Für manche Menschen ist Lachen kein Spaß. Sie leiden unter einer Krankheit, die Fachleute als "Pathologisches Lachen" bezeichnen. "Die Betroffenen lachen ohne einen erkennbaren Auslöser", sagt Torsten Kratz, Oberarzt für Gerontopsychiatrie und -psychotherapie in Berlin.

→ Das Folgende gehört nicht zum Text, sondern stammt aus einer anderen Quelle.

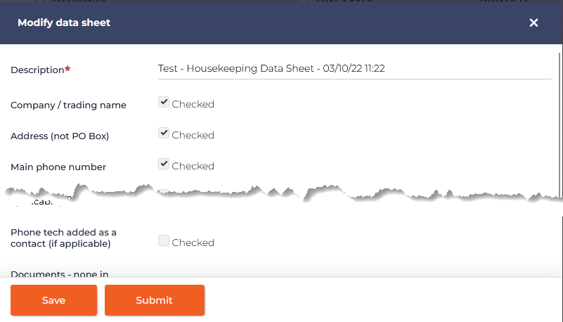 If the data sheet has an associated HTML template, the data sheet will be displayed in a separate pop-out browser window, and can be edited, saved or submitted.

Es hat also niemand einen Witz gerissen. Der Betroffene muss lachen, weil sein Körper ihn dazu zwingt. "Stellen Sie sich vor, Sie sind sehr traurig und müssen unweigerlich laut lachen, ohne zu wissen warum", sagt Kratz. Er hat Studien an Patienten durchgeführt, die unter dem Pathologischen Lachen leiden.

Vom eigenen Lachen überrumpelt

Wenn ein Mensch lacht, holt er tief Luft, die Atemhilfsmuskulatur fängt zu arbeiten an und die Atemfrequenz ändert sich ebenso wie der Gesichtsausdruck. Er gibt Laute von sich.

Bei Menschen, die unter dem Pathologischen Lachen leiden, läuft dieses Programm auch ab, allerdings losgelöst von der eigenen Stimmungslage. Der Betroffene wird vom Lachen überrumpelt – und zwar immer mit voller Intensität. Nuancen des Lachens zeigen die Patienten in diesen Momenten nicht.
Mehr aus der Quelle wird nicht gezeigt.